Pergunto à minha volta se têm notícias da Síria. Recebo alguns sorrisos como resposta, mas quem é que quer saber da Síria?
É verão, ainda é agosto, não há nada importante para encher as capas dos jornais, a menos que a miúda da Malveira, que vai ganhar um ordenado maior do que não sei quantos presidentes da República juntos, seja motivo de interesse para alguém.
Enquanto os outros mergulham escavo nos noticiários e lá encontro uma pálida e magra alusão no fim da linha: chefe da diplomacia russa, Serguei Lavrov, declarou esperar que os países ocidentais não “entravem a operação antiterrorista” em Idleb (noroeste), última região síria fora do controlo das forças governamentais.
Ainda sou do tempo em que se falava da Síria – é isso. Envelheci precocemente.
Por defeito profissional, começo a pensar que a realidade manifestante ou subjetiva é o futuro e a mente. Recordo as palavras de um pobre político desqualificado que agora dá umas aulas, quando disse que o futuro não faz a História, quando, paradoxalmente, é só ele que a faz: não se mata a menos que não seja para ser proprietário do futuro, não se acredita em cenários messiânicos a não ser que se confie que do futuro surgirá algo melhor, não se pesquisam astros e galáxias à procura de água, se não desejarmos estar cá mais uns anitos.
À minha volta rapariguinhas e rapazes fazes combates ferozes, “matei-te!” grita um deles, muito feliz. O irmão mais velho e melhor adestrado está de jogo electrónico na mão e mata outros inimigos invisíveis com um sorriso cândido, talvez o pior sorriso sádico, o sorriso angelical dos que colhem a vida e se sentem bem com isso. Os pais falam com um casal amigo e comentam alegremente uma série de televisão onde a morte se alterna com a procura da morte, mais caçadas aos vivos e a mortos-vivos e outras complicações que dão muito prazer às audiências.
Lembro-me vagamente dos jovens refugiados de Kosovo, das crianças americanas expostas à violência e a outras experiências dolorosas, e lá vou eu para o espaço subjetivo e para a distância emocional que nos separa.
Enumero desgraças quotidianas: violência nos noticiários, conflitos violentos de todas as naturezas, depressão, angústia, autodestruição, suicídio, violência doméstica a começar logo no namoro, racismo, exclusão de género, o fogo posto da existência.
Estudo cultura. Isto é cultura.

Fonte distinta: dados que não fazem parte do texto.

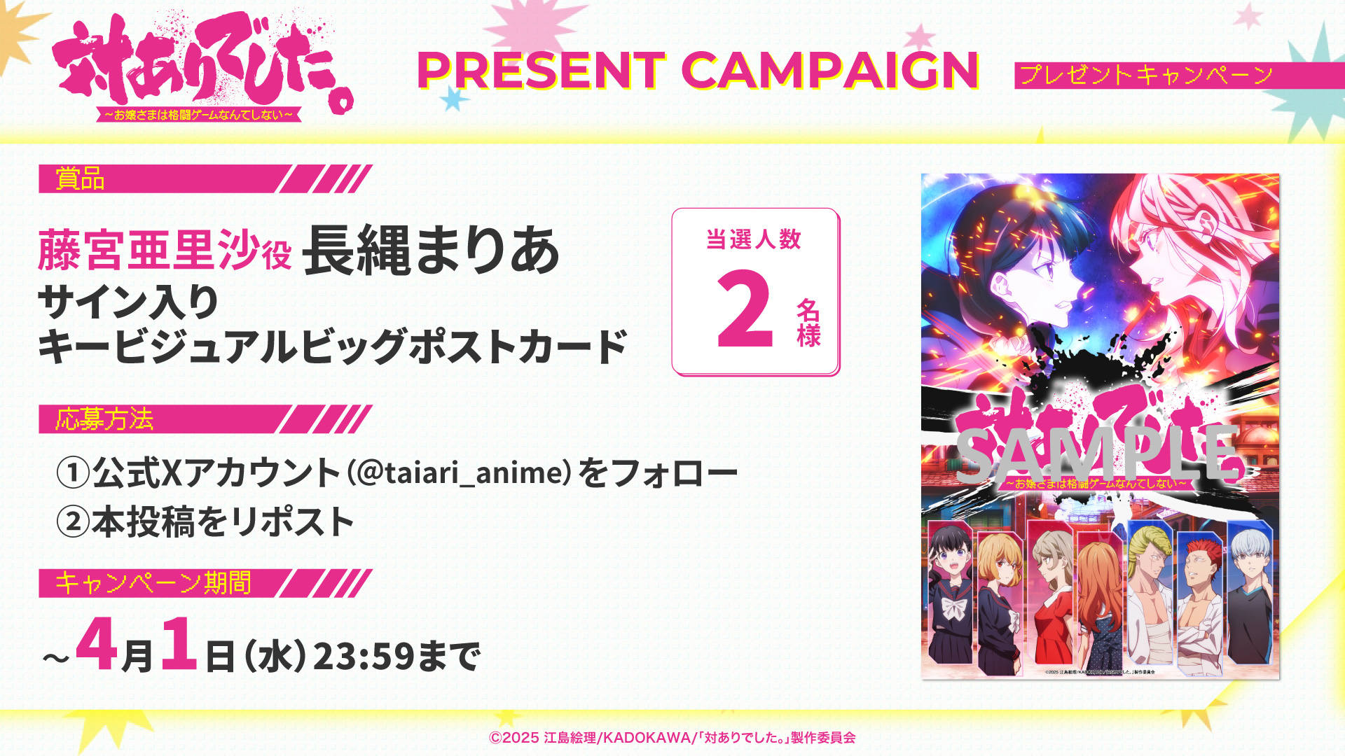 TVアニメ『対ありでした。~お嬢さまは格闘ゲームなんてしない~』7月に放送決定!小学生ゲーマー・藤宮亜里沙役として長縄まりあさんが出演することも発表 記事へ戻る 5 / 7 TVアニメ『対ありでした。~お嬢さまは格闘ゲームなんてしない~』の放送時期が、7月に決定したことが発表された。 また、新たにキービジュアルも公開され、追加キャストとして長縄まりあさんが出演することなど... [続きを読む]

Uma cultura da insanidade que se foi tornando normal, do atentado terrorista ao assassino em massa, dos irmãos franceses que mataram os redatores-ilustradores do Charlie Hebdo, ao extremista norueguês que disparou até à morte numa escolar secundária, ao inglês que atacou o Ariana Grande em Manchester, aos dois miúdos norte-americanos que promoveram o massacre de Columbine, ao terrorista francês que terá preparado o ataque ao Bataclan, em Paris…
Assassinato em massa, spree killer, terrorismo, as palavras tornaram-se banais e já ninguém teme o inesperado, nem receia os seus protagonistas, porque se trata disso mesmo: ato inesperado, e gente que procura protagonismo e se dilui no nada que pretende (e que pretendem deles).
A “cultura da morte” tornou-se uma das principais características do nosso século.
Em 1999, o professor Michael Kearl, do Departamento de Sociologia e Antropologia da Universidade de Trinity, em San Antonio, Texas, EUA, disse a respeito da manipulação do tema da morte: “Da nossa posição privilegiada neste fim do século 20 [1999], verificamos que a morte está a tornar-se reconhecida como a força dinâmica central que sustenta a vida, a vitalidade e a estrutura da ordem social. A morte é a musa de nossas religiões, filosofias, ideologias políticas, artes e tecnologias médicas. Vende jornais e apólices de seguro, dá vigor aos enredos dos nossos programas de televisão, e . . . até confere energia às nossas indústrias.”
Da venda – e compra – de armas, que equivale à morte de cada vez maior número de civis, aos enredos dos filmes que precisam da morte como dinâmica, às absurdas histórias da telenovelas portuguesas, onde todos se matam, se odeiam, se levam à extrema condição de não pugnarem pela vida e seus direitos, até à “arma branca” que é o nosso telemóvel, onde é possível matar algumas (muitas) pessoas, saindo-se impune findo o massacre e apto a descarregar sem remorsos o joguinho seguinte.
Educa-se pouco, mas ensina-se muito a matar; ensina-se muito e bem. É esta a insensibilidade cultural que traduz um novo patamar de cultura.
Pergunto pela Síria. Ninguém sabe quem é.